• _WHAT YOU SHOULD DO_
Leaving out every picture, copy the lines of the data exactly, from the first through the line containing "LED大屏點對點顯示超高清動態底圖,該超高清信號來自PC多屏卡的3路DVI輸出".

Records from a collection
_ _ _ _ _
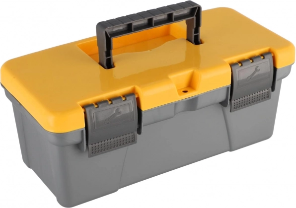 La valisette robuste en plastique, avec poignée et loquets, garde toutes les pièces ensemble et se transporte facilement.
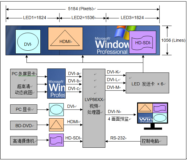 LED大屏點對點顯示超高清動態底圖,該超高清信號來自PC多屏卡的3路DVI輸出
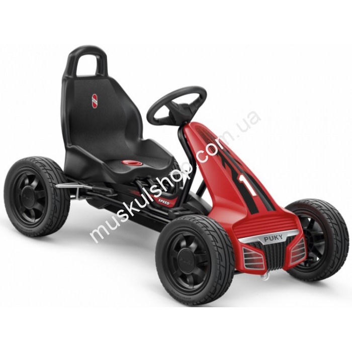 Машинка Puky педальная модель F550L комплектуется анатомическим сиденьем, передним спойлером, бампером, надувными колесами, ручным тормозом, цепью и натяжителем, спортивными дисками на шариковых подшипниках, а также спортрулем с настоящим сигналом. Отлично подходит машинка для тренировок своей силы, накачки группы мышц и приятного времяпровождения. Данная модель рассчитана на детишек с ростом до 120 см, способна выдерживать общую нагрузку в 50 кг, а при этом ее вес не более 16 кг. Срок гарантии на веломобиль составляет 12 месяцев, а также он выполнен из прочного алюминиевого сплава. Машинка представлена в красном цвете, обладает реверсным ходом педалей.
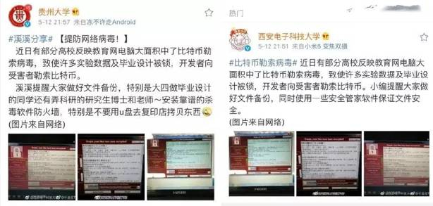 值得注意的是,国内多所高校受到了此次网络攻击的影响。据中国青年网,近日正值毕业论文季,这种病毒在国内一些高校的教育网、校园网已经造成了影响,致使许多实验室数据和毕业设计被锁。昨夜今晨包括山东大学、南昌大学、广西师范大学、东北财经大学在内十几家高校发布通知,提醒师生注意防范。
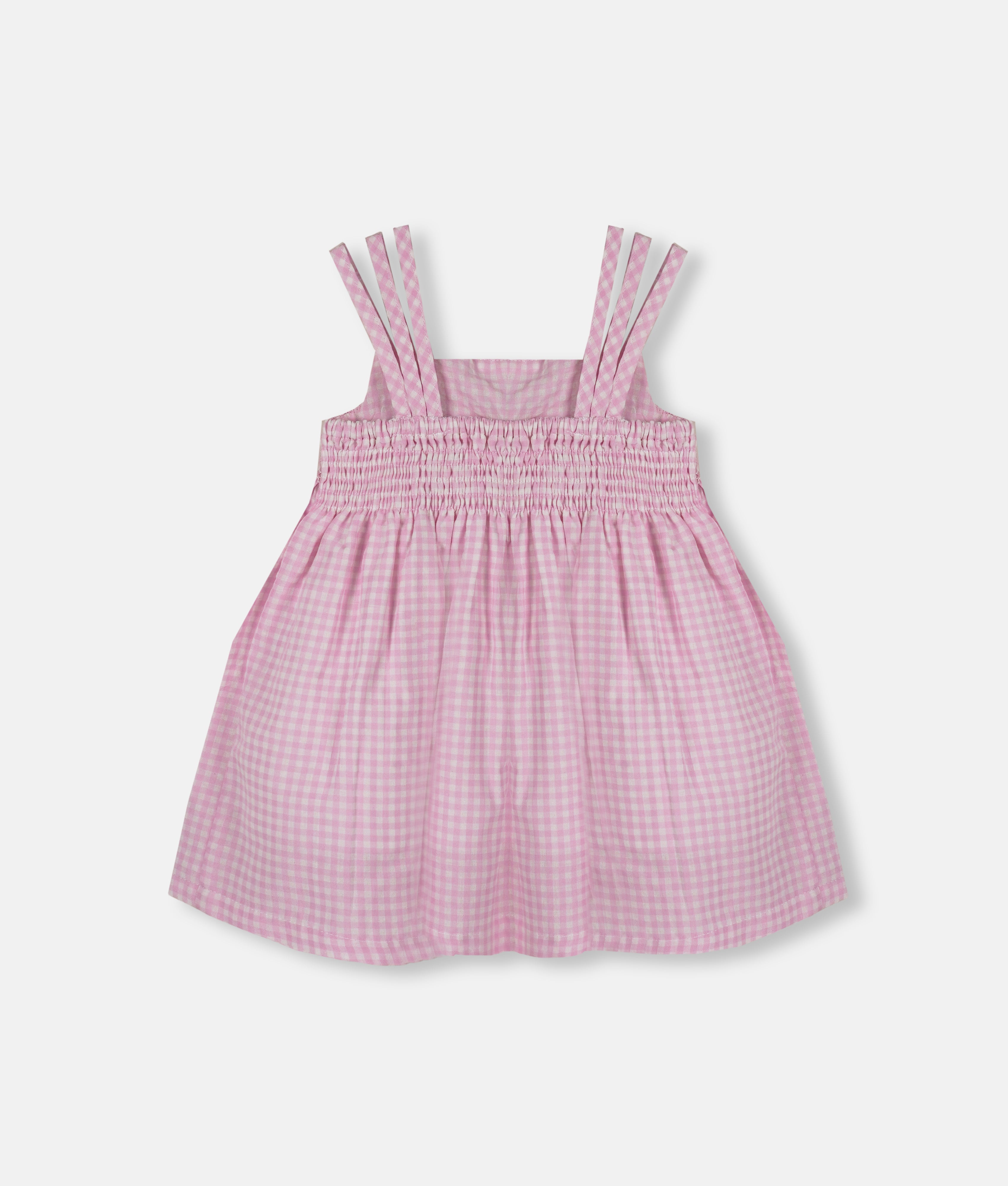 Pink Checkerboard Tier Strap Smocked Girls Dress
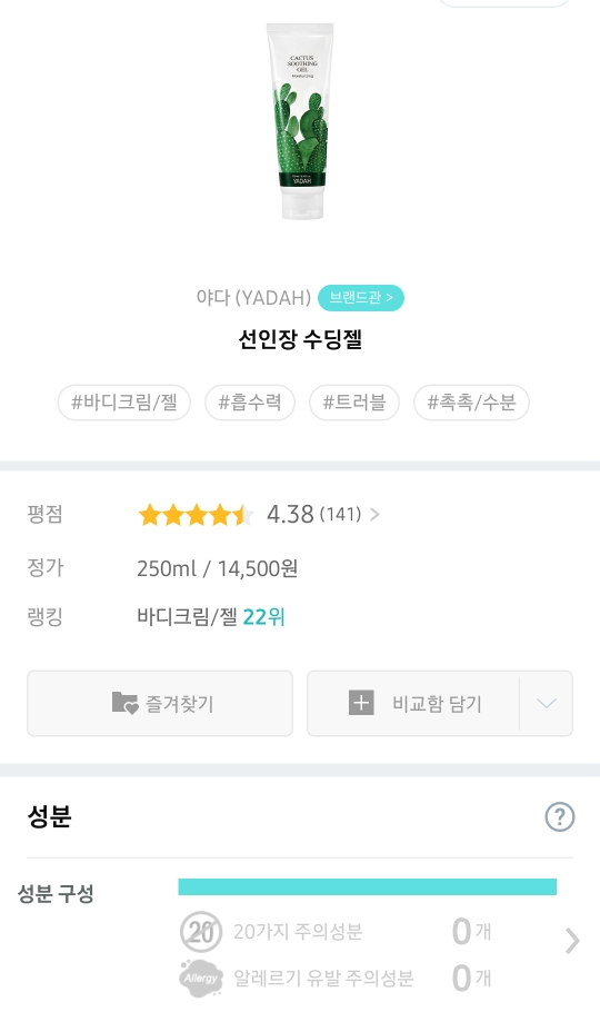 올리브영이나 다른 여러 온라인몰에서도 구입 가능하다고 하니 여름에 수분감 충만한 착한 스킨케어 제품을 찾으셨다면 이 야다 선인장 수딩젤 강력추천드립니다.
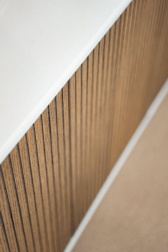 Line finns nu även i utförandet Burned Walnut - fronter i valnötsbetsad ekfanér med sidor i svart eller vit. Överdelen ackompanjeras med benställning eller sockel.
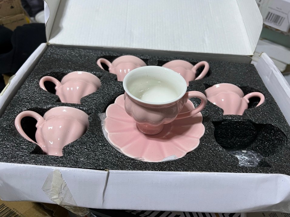 Karaca altı adet fincan takımı bir tanesinin ağzına çok hafif bir hata vardır resimleri ekledim kullanıma engel hiçbir şey yok
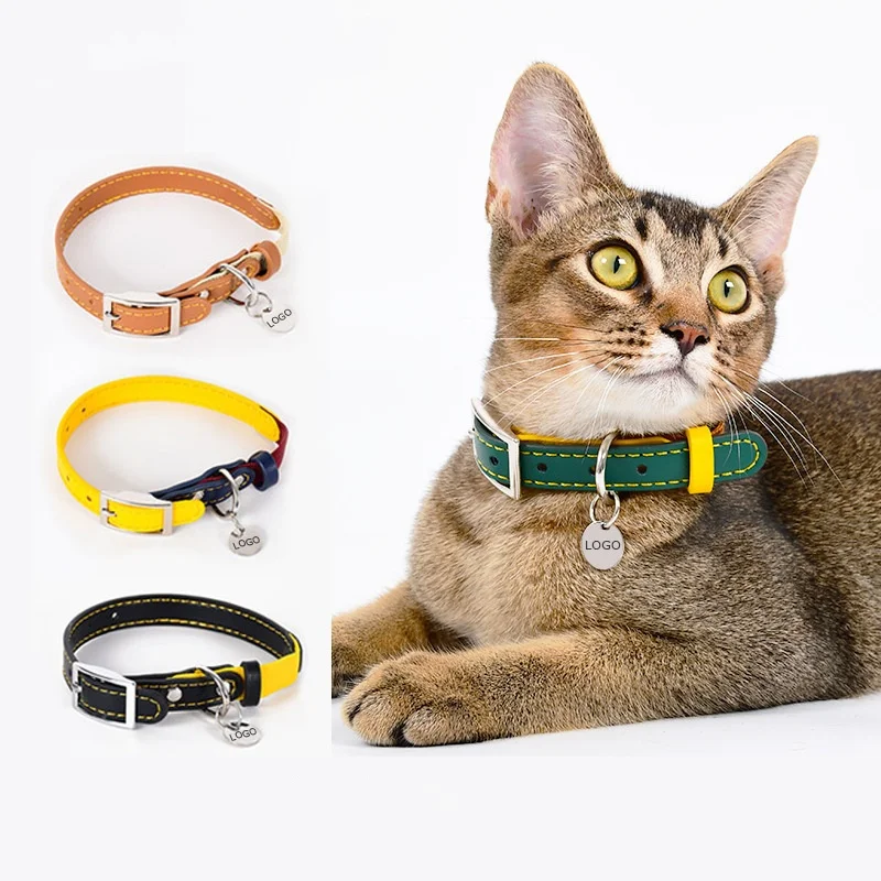 Collar de cuero suave para mascotas, Collar de gato separable, Collar de gato impermeable de cuero PU, Collar de gato prevención de asfixia
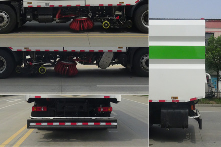 選裝箱體結構樣式,隨底盤選裝駕駛室。選裝污水箱后部可視窗口樣式,側面防護裝置為專用裝置, 后防護采用碳鋼:Q235;焊接連接,后部防護斷面尺寸(mm):230×60,后部防護離地高度(mm):350; 僅采用:4700,5000,5300mm軸距底盤;整車長/軸距/前懸/后懸對應關系為(mm):8300/4700/1430/2170, 8600/5000/1430/2170,8900/5300/1430/2170.ABS型號/生產廠家:3631010-C2000/ 東科克諾爾商用車制動系統(十堰)有限公司,ABS 8/東科克諾爾商用車制動系統(十堰)有限公司, 4460046450/威伯科汽車控制系統(中國)有限公司。專用功能:掃路,路面清洗;專用裝置:掃刷,吸盤 |
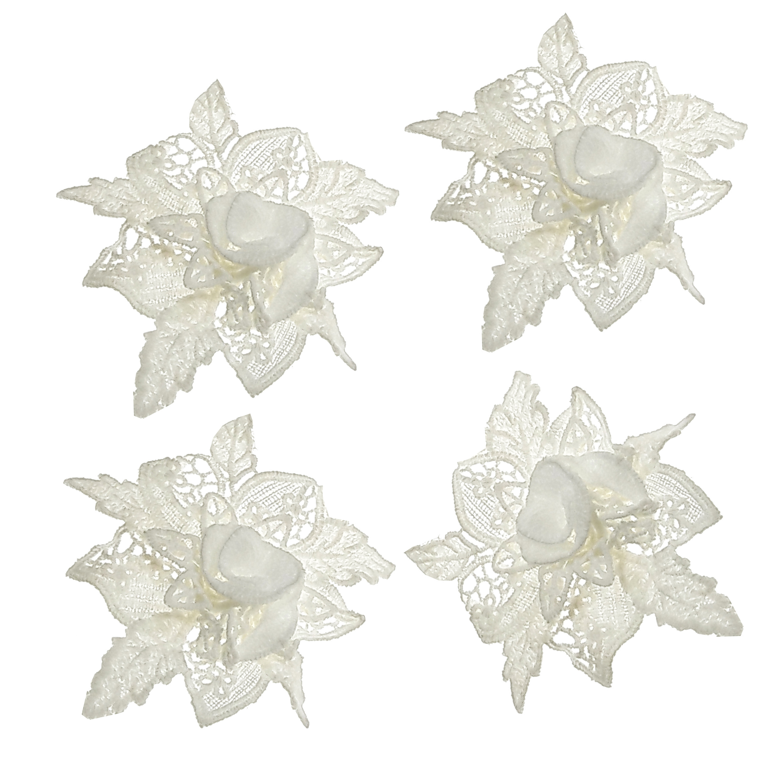 4 عدد استیکر برجسته گل کنفی سفید با ابعاد حدود 10*10 سانتی متر مناسب تزئینات لباس مانتو کت کیف و سایر کارهای هنری
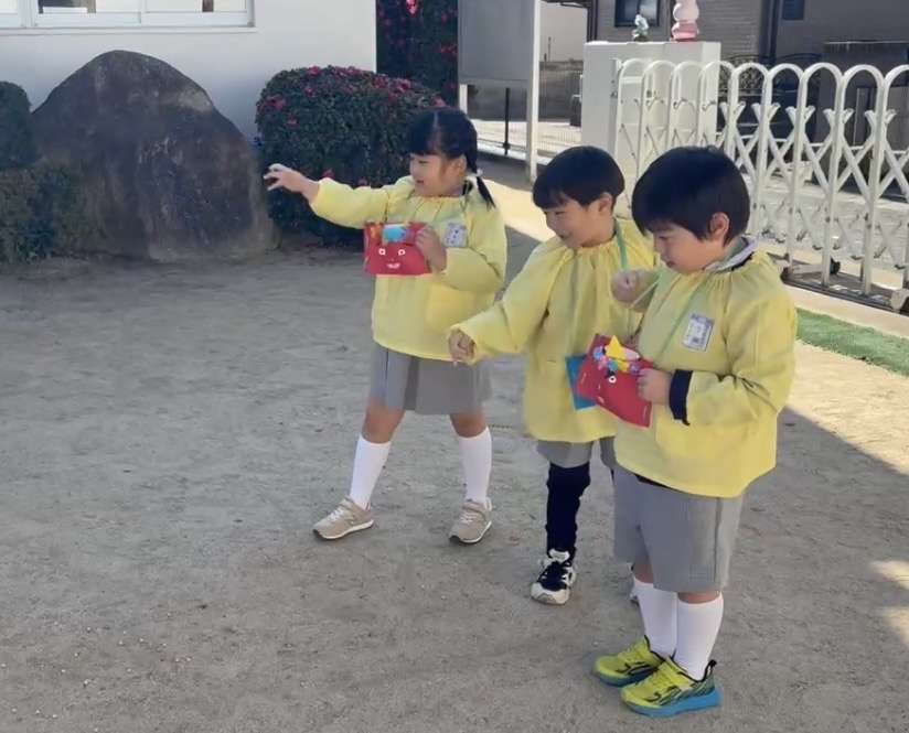 みんなで『豆まき』の歌を歌ったり、「鬼はー外!福はー内!」の掛け声で豆まきへの気合いは十分!!!
_ _ _ _ _
• _TASK ANSWER_
 La valisette robuste en plastique, avec poignée et loquets, garde toutes les pièces ensemble et se transporte facilement.
 LED大屏點對點顯示超高清動態底圖,該超高清信號來自PC多屏卡的3路DVI輸出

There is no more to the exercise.